Корягина не удовлетворяло это искусственное, хотя и не лишенное крупицы смысла объяснение, другого он не находил и потому не мог избавиться от чувства настороженности. Что так притягивало ее к нему? Не могла же она из отвлеченного милосердия и прочих натужных христианских благоглупостей чуть не каждый день приезжать в крепость, сидеть часами у его изголовья, возиться с неаппетитной раной, закармливать шоколадом - любил сладкое - и выслушивать грубости. Первый визит можно объяснить мучительным любопытством к человеку, сыгравшему роль рока. Не каждая вдова способна на такое, все же это объяснение допустимо. Но, потрафив своему больному чувству, надо было опрометью бежать отсюда, а Варвара Алексеевна стала его сиделкой. И она действительно подала на помилование, иначе бы его давно вздернули. И как изменилось отношение к нему хамов-тюремщиков!
Корягин не заблуждался на свой счет, он знал, что неприятен окружающим: резкий, колючий, никогда ни к кому не подлаживающийся. А с Варварой Алексеевной он вел себя вовсе непотребно, особенно поначалу. Но это ее не отпугнуло. Она даже привязалась к нему, он кожей чувствовал исходящее от нее тепло. Материнская жалость тут ни при чем, у нее были собственные осиротевшие дети, да и слишком молода она для такого взрослого сына. Это было бессознательное расположение - не по хорошему мил, а по милу хорош,- на которое накладывались ее доброта и сердечность.
Ей хотелось больше знать о нем, но его жизнь была так бедна поначалу, так пуста и плоска, а потом так выострена к одной цели, что ему нечего было ей сказать. Впрочем, разговора как обмена соображениями и сведениями между ними почти не бывало. Обычно говорила она, а он слушал или не слушал, но как-то отзывался нутром на тихое журчание голоса, который был к нему бескорыстно ласков. Иногда она гладила его по волосам своей легкой, нежной, проникающей рукой.
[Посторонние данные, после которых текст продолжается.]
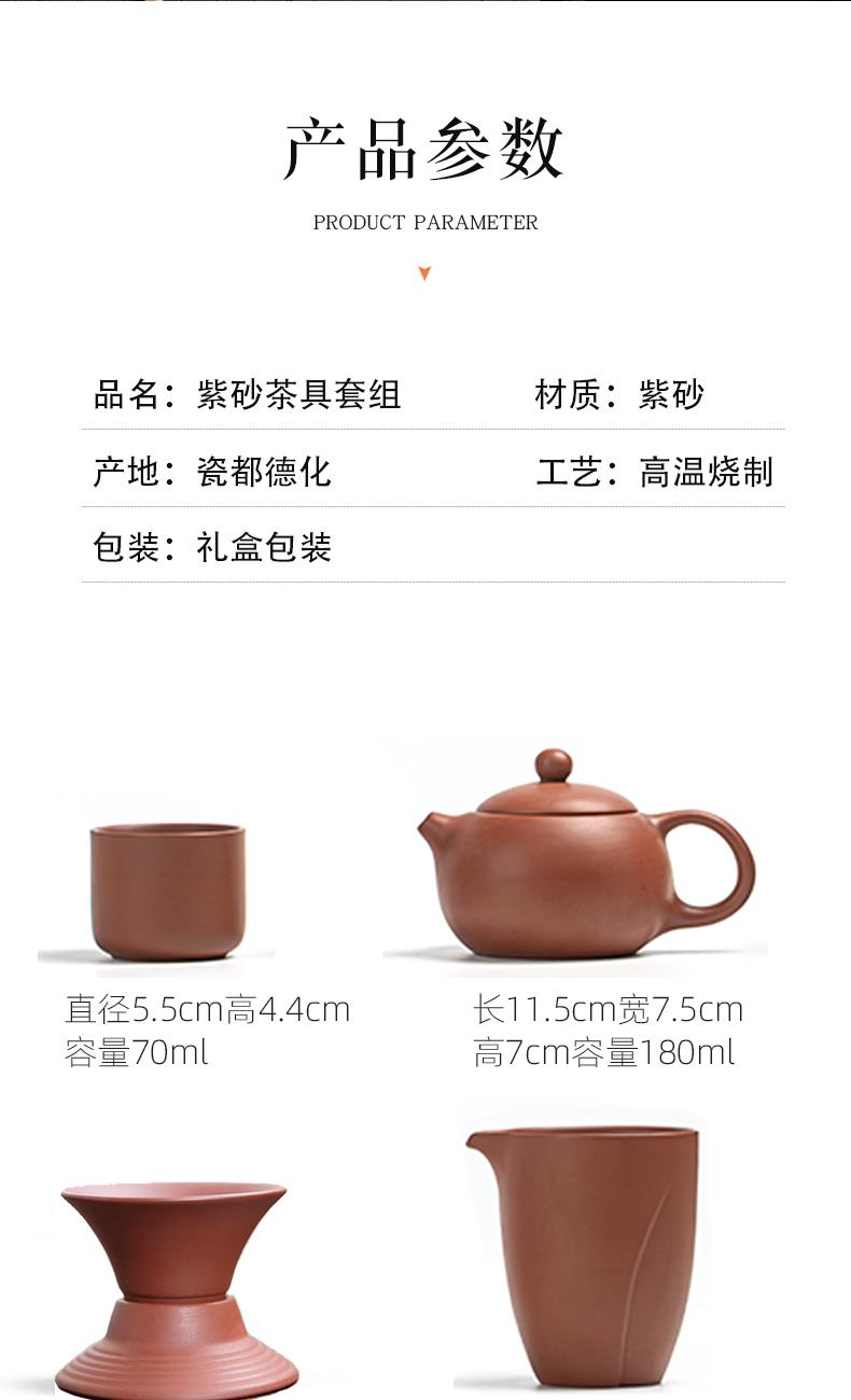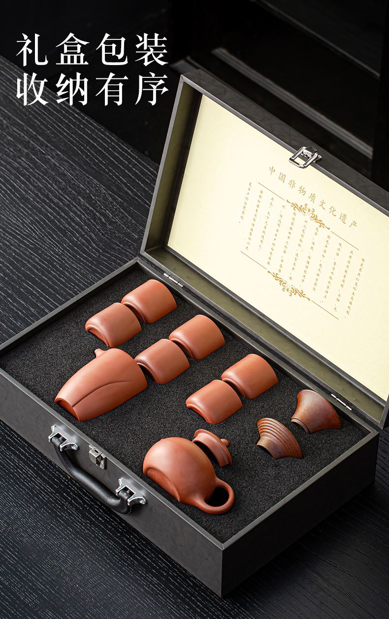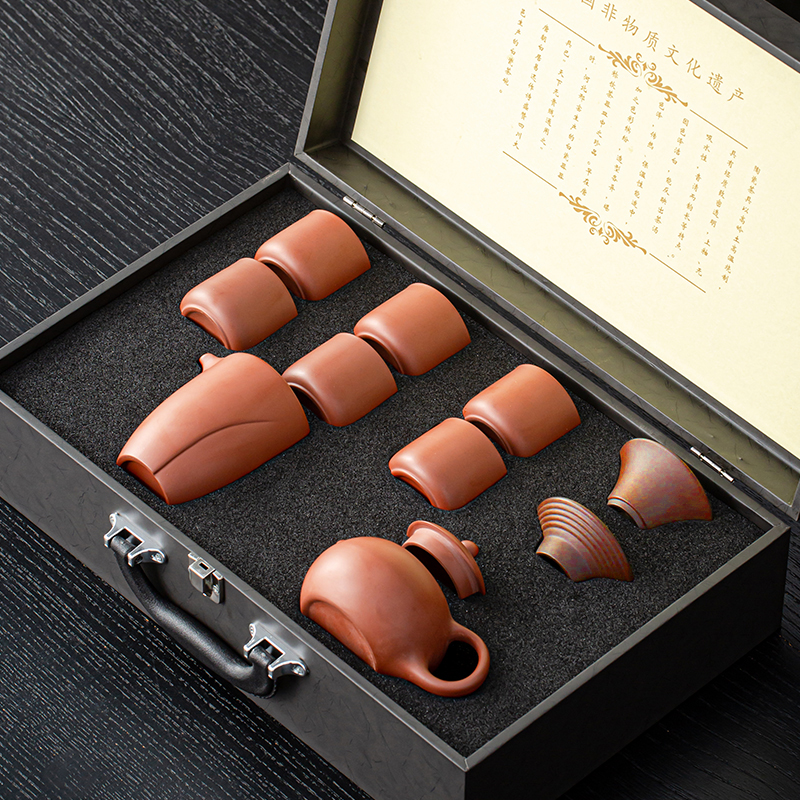 【产品配置】 茶壶*1 茶海*1 茶漏组*1 茶杯*6 礼盒*1 【产品说明】 采用天然紫砂泥料,温润有质感,兼具透气性; 壶嘴出水顺畅、断水利落; 防烫壶把拿捏舒适,底部打磨平整确保稳固; 茶漏组、茶海等配件设计简化冲泡流程,适合功夫茶仪式; 高温烧制,工艺精湛,确保茶具耐用且稳定性强。
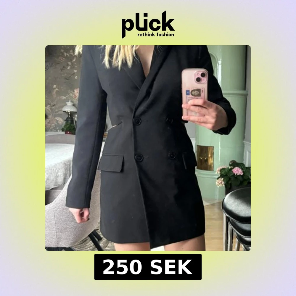 Säljer en svart kavajklänning med markerad midja och cut out-detalj i sidan. Klänningen har dubbelknäppning framtill, klassisk krage och långa ärmar. Bra och rejält material ifrån Strandivarius. Använd 3 sånger och e som nyskick
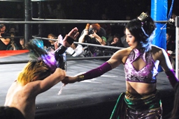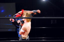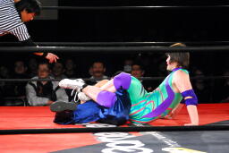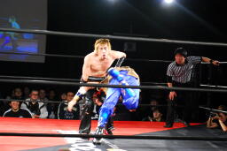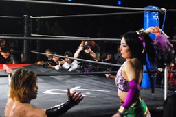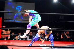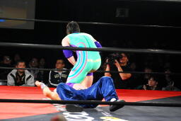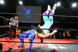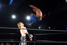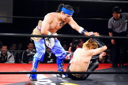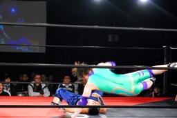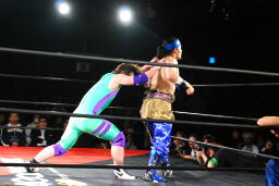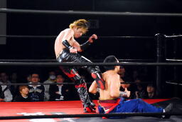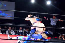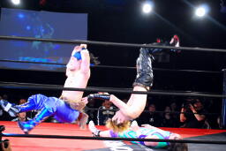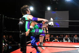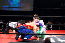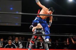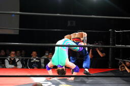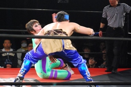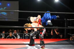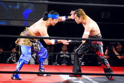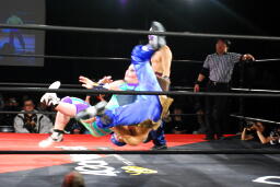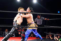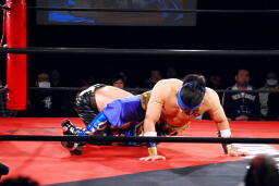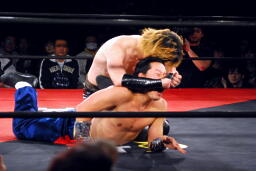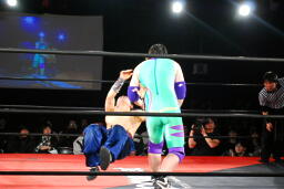 イサミネッククラッチ(左写真)、リリースしてニードロップ、カウント2。矢野にタッチ。矢野スクールボーイでカウント2。体固めでカウント2。フェイスカット、イサミにタッチ。5分経過。
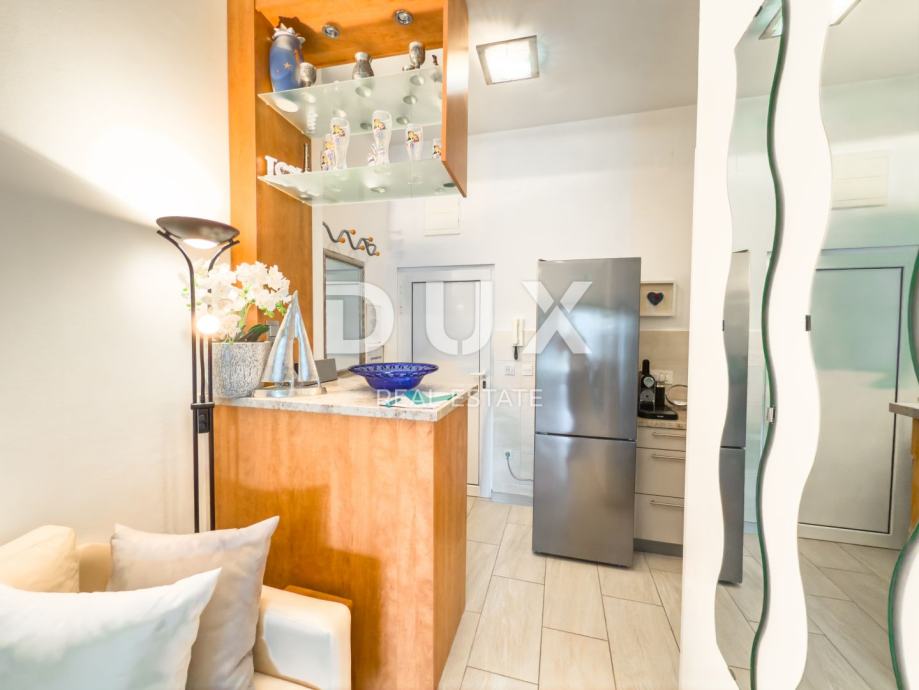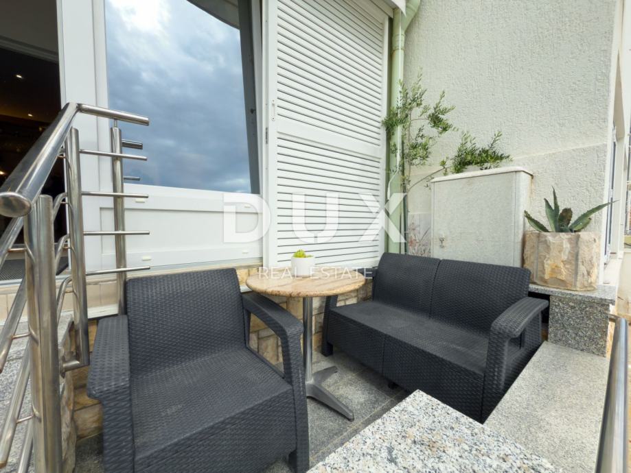 Lođa, zamišljena kao produžetak dnevnog boravka, uređena je s izuzetnim stilom i pažnjom – postaje središnji prostor svakodnevice, s nesmetanim pogledom na more koji oduzima dah. Unutrašnjost stana krasi ambijentalna rasvjeta sa zvjezdanim nebom na stropu, stvarajući jedinstvenu atmosferu opuštanja u svako doba dana.

Она уходила, а он продолжал чувствовать корнями волос ее прикосновения. Однажды ему показалось, что он понял ее цель в отношении него. К ней приезжала мать-настоятельница той малой женской обители, которую она поддерживала. Девяностолетняя старуха, а сколько в ней доброго ума, понимания людей, до чего же ясный, незамутненный дух!.. Как только повеяло ладаном, он отключал слух, но в глухоту проникали умиленные речи о тишине затерянной в глухом еловом бору обители, о мечте по завершении мирских дел окончить там свои дни, остаться наедине с собственной душой, а через нее - с Богом, и прочей душеспасительной белиберде. Потом он услышал ее выжидательное молчание и спросил с усмешкой:
- Вы что, хотите примирить меня с Богом? Он ждал постного взгляда, поджатых губок, обиды за ханжеской кротостью, но она ответила милой шуткой:
- А разве вы ссорились?
- Но я же преступник... в ваших глазах. А преступник не может быть в хороших отношениях с Богом.
- Кто это знает?.. Кто, кроме Бога, знает тайное в человеке? Может, в глубине души вы ближе к Богу, чем я. Я хожу в церковь, совершаю все обряды, молюсь, забочусь о бедных. Я, как говорится, тепло верующая. Но Христу были дороже заблуждающиеся, сбившиеся с пути, отвергающие его... Какое у вас кислое лицо! Вам скучно?
- Скучно. Скажите честно, неужели вы верите во второе пришествие, Страшный суд, во весь этот омерзительно живодерский бред?
- Геенну огненную я уже получила,- тихо сказала она.- Как же мне не верить? Но хотите честно, так честно, как никогда и никому? Для меня все христианство в Нагорной проповеди. Я как-то не могу представить себе Христа в гневе, Христа карающего, Христа, возвращающего мертвых, чтобы вновь ввергнуть их в преисподню. В Священном писании есть места, которые мне непонятны.